Wednesday, February 16, 2022

Testimony of Marcela Escobari, Assistant Administrator for Latin America and the Caribbean, before the Senate Committee on Foreign Relations

Chairman Menendez, Ranking Member Risch, and distinguished members of the committee, thank you for the opportunity to testify on USAID’s work in Colombia and discuss our vision for the future.

Colombia remains one of the United States’ closest and most steadfast partners in the hemisphere. Despite daunting challenges, the country’s people and successive governments have demonstrated the will and the capacity to end a 52 year civil conflict and build a more peaceful, prosperous, and just society.

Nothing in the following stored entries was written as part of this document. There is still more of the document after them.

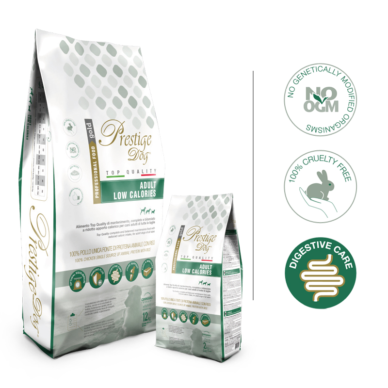 PRESTIGE DOG ADULT ALL BREEDS LOW CALORIES POLLO CON RISO è un alimento di alta qualità completo e bilanciato per cani adulti di tutte le taglie. Formulato con il pollo quale unica fonte di proteina animale altamente digeribile, apporta un contenuto ridotto di calorie e per questo è perfetto per mantenere il cane in salute, specialmente i soggetti adulti con vita sedentaria e con tendenza al sovrappeso. Arricchito con una quantità superiore di L-carnitina, che è nota per favorire la movimentazione dei grassi e quindi il loro consumo. I livelli di proteine e grassi sono bilanciati per rispondere ai dei cani di tutte le taglie.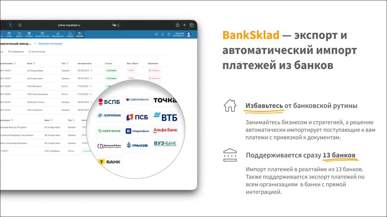 BankSklad — экспорт платежей и автоматический импорт выписки из банков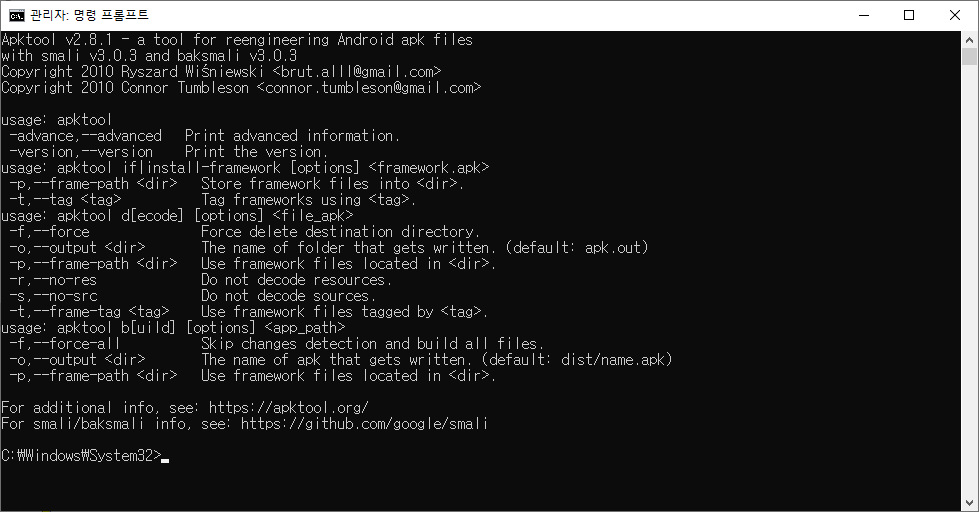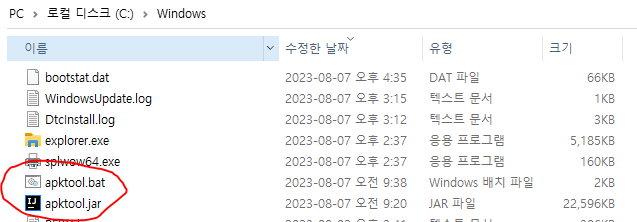 - apktool.bat와 apktool.jar 파일을 C:\Windows 경로에 배치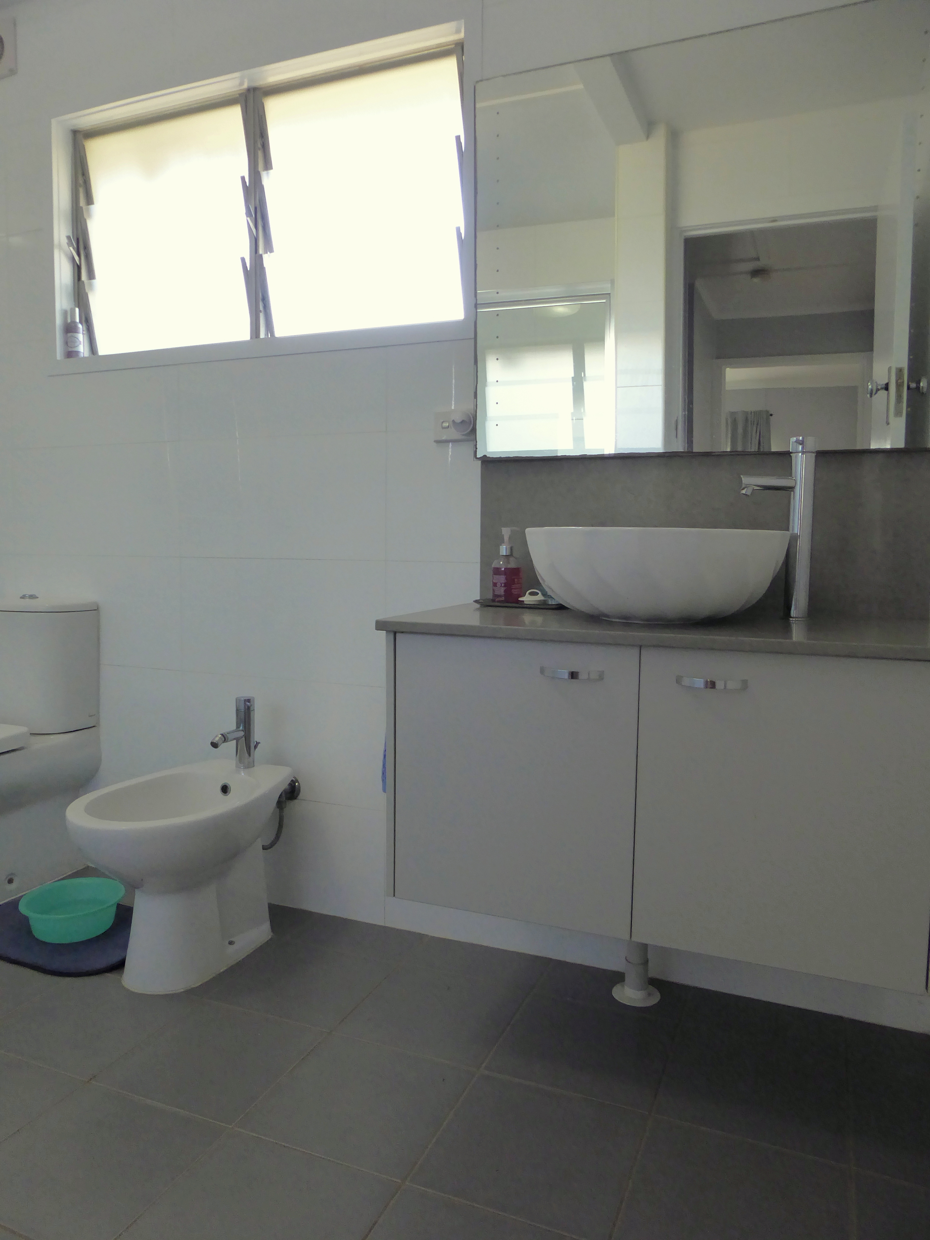 * Renovated fully tiled bathroom with large shower, toilet, bidet and vanity.

The achievement of the 2016 Peace Accord between the state and the Revolutionary Armed Forces of Colombia (FARC) rests squarely with Colombia. The United States is proud to have been the country’s closest partner in advancing the transition from five decades of conflict to greater peace and security.

There are few parallels to what Colombia has achieved in the relatively short time span of about two decades. Once a nearly failed state, the country has come back from the brink to establish itself as a stable democracy, Latin America’s fourth largest economy and a close U.S. partner and ally. From 2000 to 2019, the gross domestic product more than doubled; the percent of Colombians living in poverty was nearly cut in half (from 54 percent to 29 percent); and violence fell dramatically.

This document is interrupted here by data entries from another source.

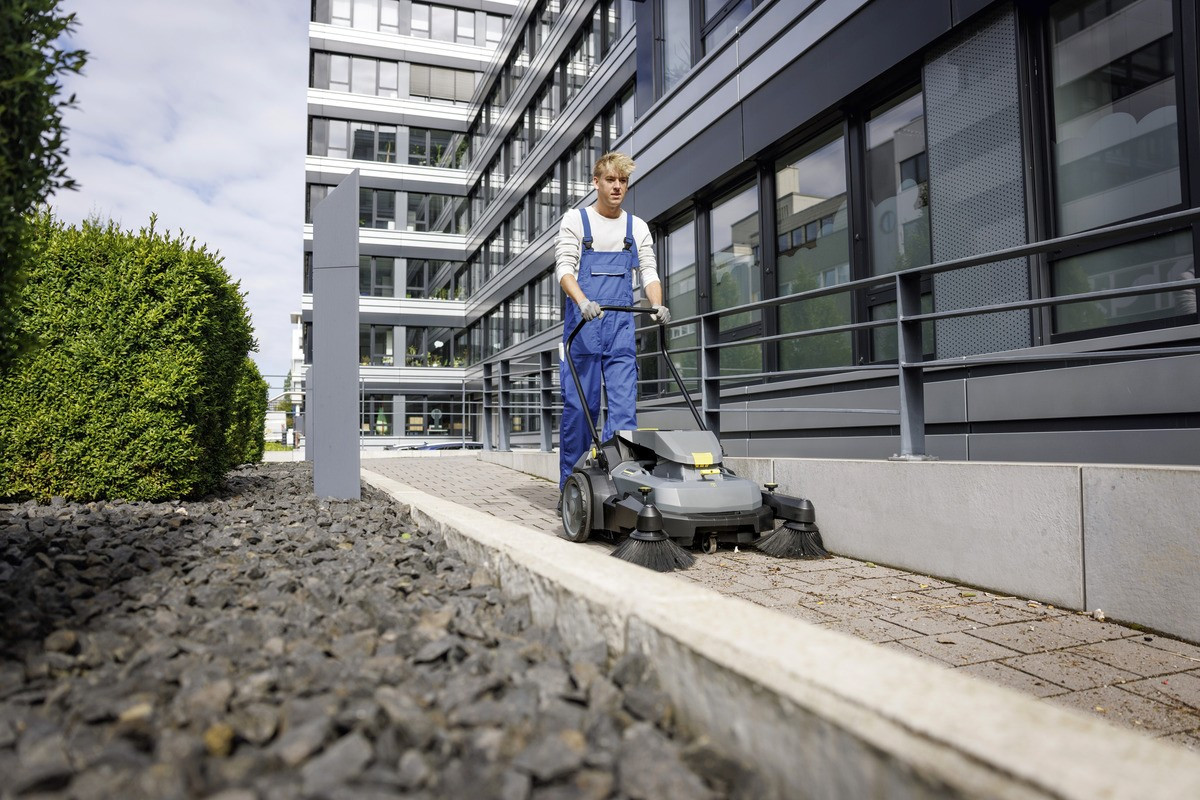 A KM 70/30 C kézi seprőgép hatékony és eredményes megoldás a kemény felületek tisztítására kül- és beltéren egyaránt. A seprőhenger, az oldalsó kefe és a ventilátor akkumulátorral működik, és jelentősen növeli a munkavégzés kényelmét: a felhasználók a sarkokat és a nehezen hozzáférhető területeket könnyedén, lényegesen kisebb erőkifejtéssel seperhetik. Az aktív szívással ellátott lapos pliszírozott szűrő még a nagy mennyiségű finom por eltávolításakor is csökkenti a por keletkezését, és tisztán tartja a munkakörnyezetet. A seprőhenger hat fokozatban állítható, hogy a különböző felületekhez igazítsa a tisztítási teljesítményt. A kiegészítő felszerelések, például vödrök és szemétgyűjtők számára kialakított praktikus polc megkönnyíti a munkát. A karbantartás is egyszerű, az oldalsó kefe és a szűrő cseréjéhez nincs szükség szerszámokra. A 36 V-os Kärcher Battery Power+ akkumulátorplatform minden helyzetben elegendő energiát biztosít. A cserélhető akkumulátor a könnyű szállítás érdekében kivehető. Az akkumulátor és az akkumulátortöltő nem tartozik a szállítási terjedelemhez.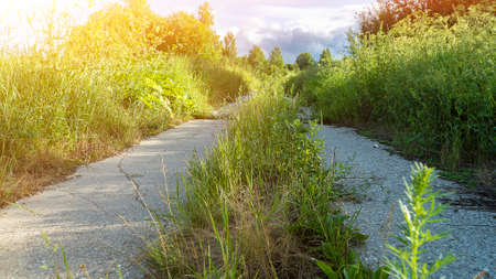 Old rural road of concrete plates with growing grass on spring day. Abandoned way in wild nature. Civilization and environment. picturesque landscape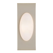An equestrian-inspired sconce of bone leather adds a masculine appeal to any study or vanity. Centered by an oval opal globe, this minimalist style is even more dynamic when staged in a pair. Finish will vary. Damp-rated, although limited, covered outdoor conditions may affect finish.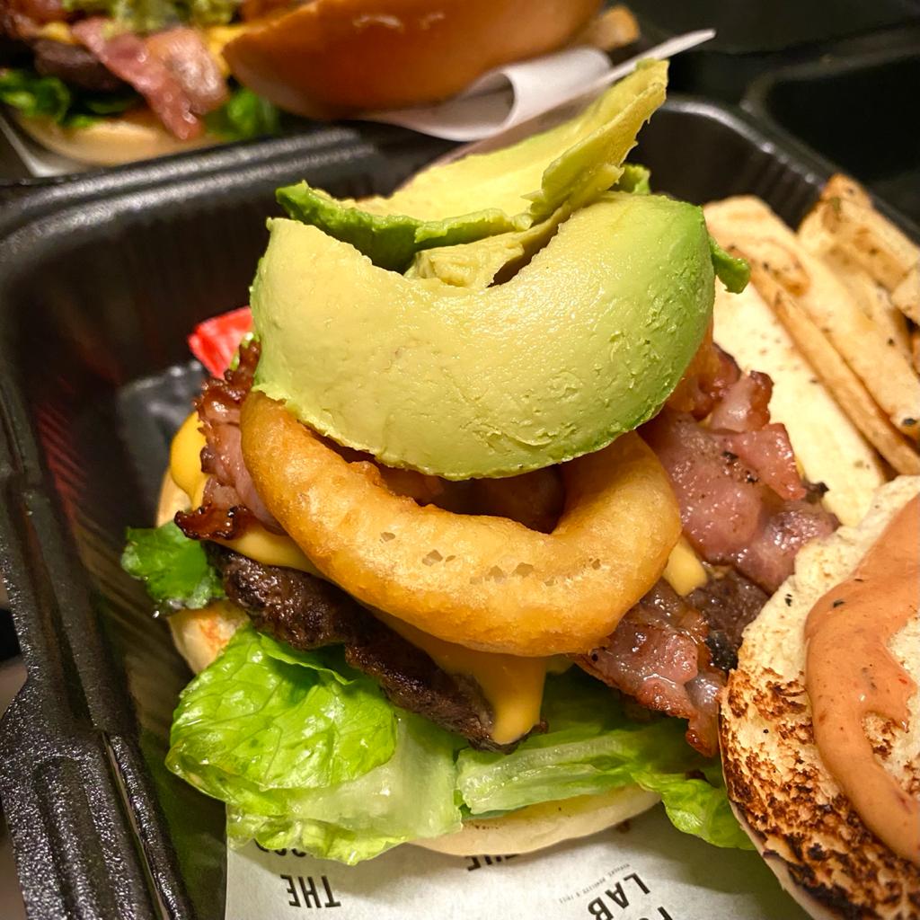 Hamburguesa preparada con carne 100% de res, mayonesa chipotle, queso amarillo, tocino, aros de cebolla, salsa BBQ HOT. Incluye porción de papas (El aguacate tiene un costo adicional).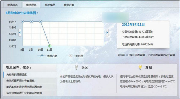 在电池保养区域,有很多关于电池如何保养的小技巧,以及大家对电池保养上面的误区,还有电池在一定时间段内的声明曲线图。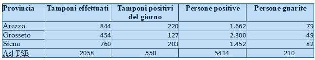 Coronavirus Arezzo: 220 nuovi casi di positività, 79 guariti, 8 ricoverati

The historic 2016 Peace Accord brought important progress. It disarmed and demobilized 13,000 FARC combatants, with 11,000 still committed to the peace process; advanced justice and reparations for around 9 million victims; and spurred unprecedented levels of public investment in the country’s far-flung and historically neglected rural areas. USAID has been Colombia's most valued partner in advancing implementation of the Accord.

The Accord is not perfect, and implementation is uneven. Overall, it has helped the country transition to a new, more hopeful chapter while creating new opportunities for development investment. Its survival itself is notable, given that 50 percent of similar peace accords across the globe collapse during the first five years. We note the important progress that Colombia has won through its choice to negotiate an exit from conflict, even if implementation remains a formidable challenge.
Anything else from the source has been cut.